Apart from the pictures, everything in the lines below must be printed exactly.

**INFORMATION SHOWN:**
++++++
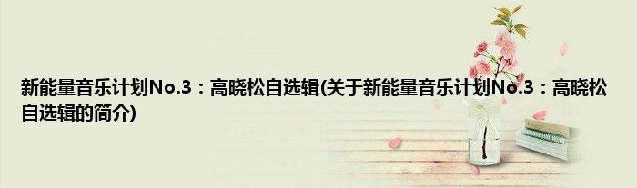 本文关于新能量音乐计划No.3:高晓松自选辑的简介就讲解完毕,希望对大家有所帮助。
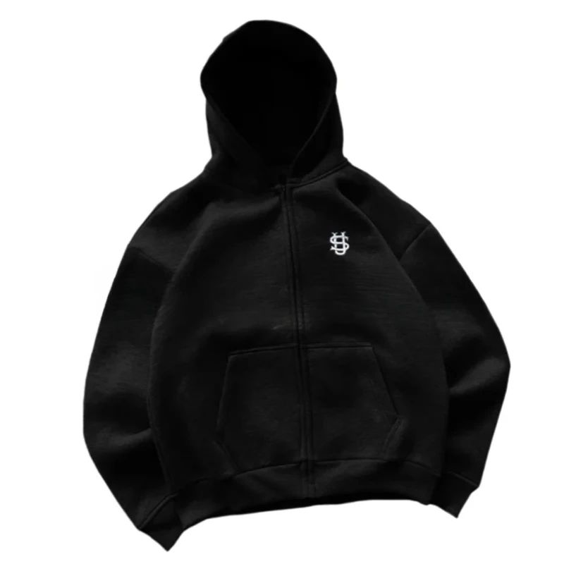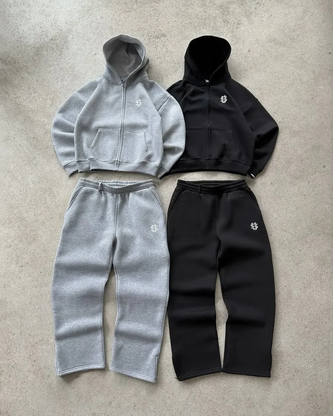Y2K Fashion Jogger Sweatpants Loose Embroidery Labeled Open Leg Wide Leg Pants Trendy Pocket Couple Straight Pants Men's Hoodie
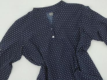 Bluzka damska MOUS, rozmiar S/M - Wzór: duże i małe grochy na granatowym tle - Fason: luźny, z dekoltem w serek; rękaw 3/4 - Materiał: 50% wiskoza, 46% poliester, 4% elastan – tkanina miękka, lekko...
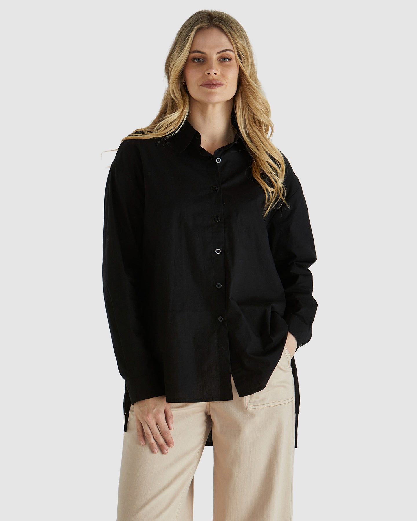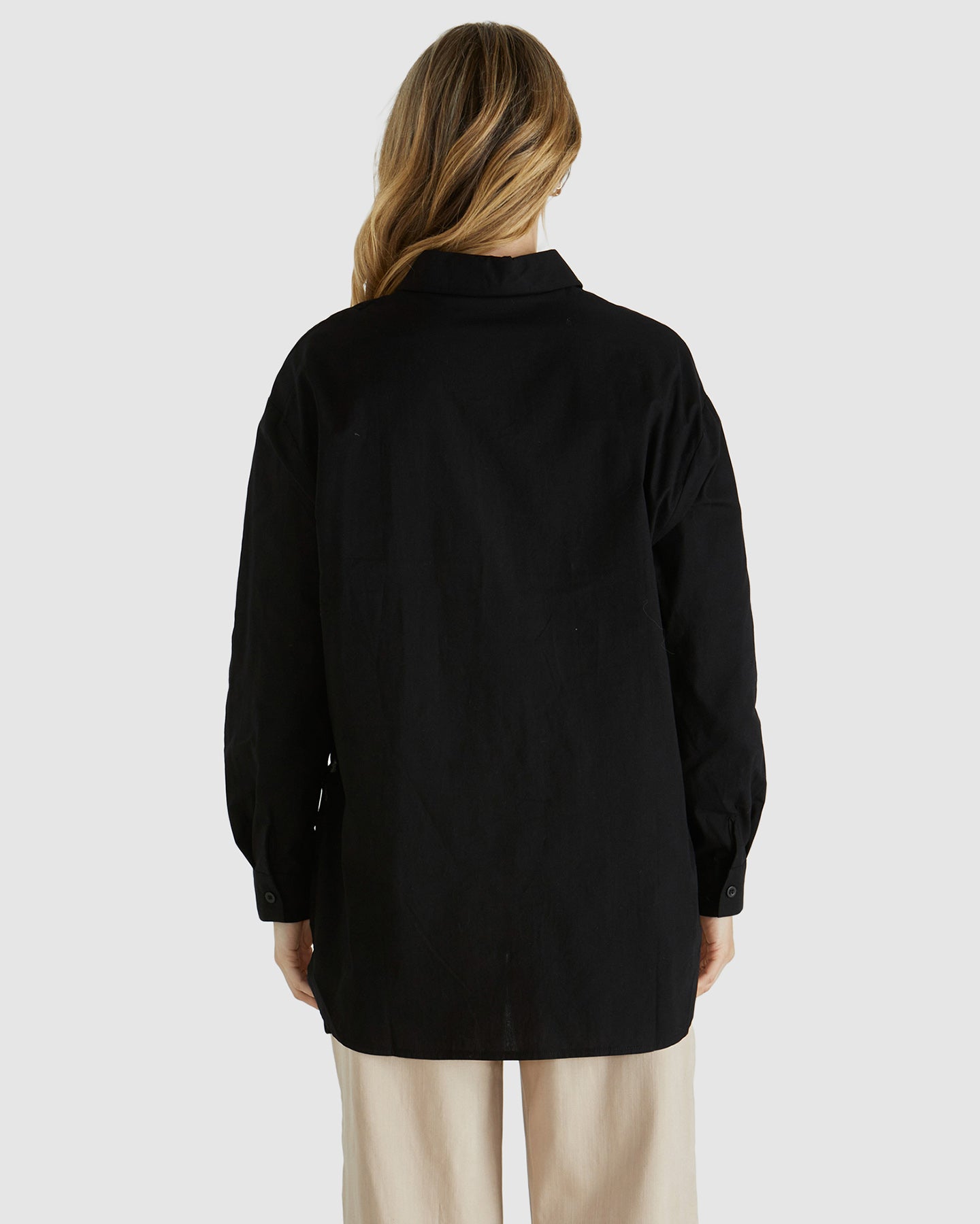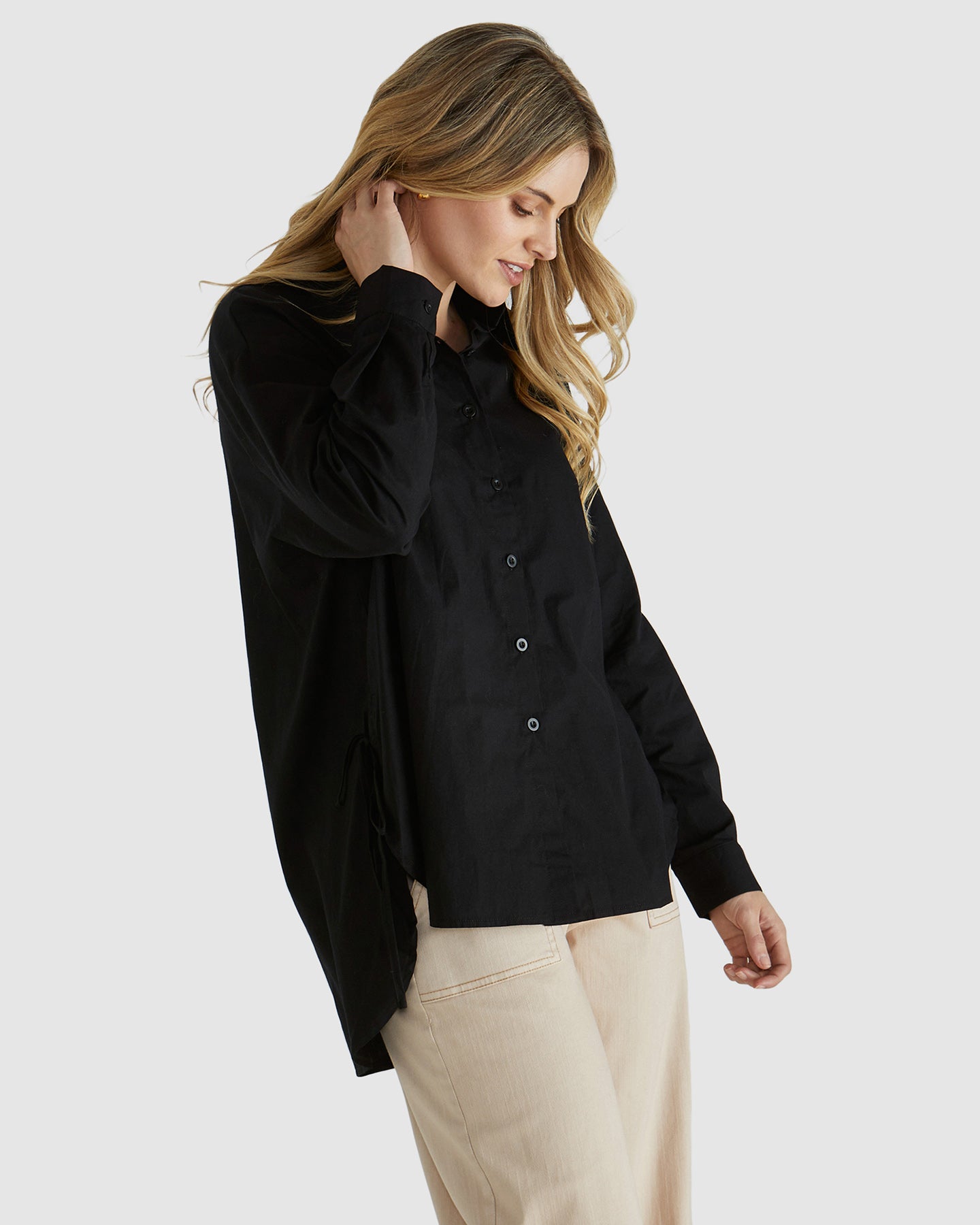 A fresh take on a classic, this 100% cotton shirt is the perfect mix of polished and relaxed. Featuring tie details at the side seams and a button-front opening, it’s got that cool, effortless vibe. The cuff button detail adds a refined touch, making it easy to dress up or down. Whether paired with denim or layered over a dress, this on-trend piece will keep you looking chic.
++++++
**ANSWER TO THE EXERCISE:**
 本文关于新能量音乐计划No.3:高晓松自选辑的简介就讲解完毕,希望对大家有所帮助。
Y2K Fashion Jogger Sweatpants Loose Embroidery Labeled Open Leg Wide Leg Pants Trendy Pocket Couple Straight Pants Men's Hoodie
 Bluzka damska MOUS, rozmiar S/M - Wzór: duże i małe grochy na granatowym tle - Fason: luźny, z dekoltem w serek; rękaw 3/4 - Materiał: 50% wiskoza, 46% poliester, 4% elastan – tkanina miękka, lekko...
 A fresh take on a classic, this 100% cotton shirt is the perfect mix of polished and relaxed. Featuring tie details at the side seams and a button-front opening, it’s got that cool, effortless vibe. The cuff button detail adds a refined touch, making it easy to dress up or down. Whether paired with denim or layered over a dress, this on-trend piece will keep you looking chic.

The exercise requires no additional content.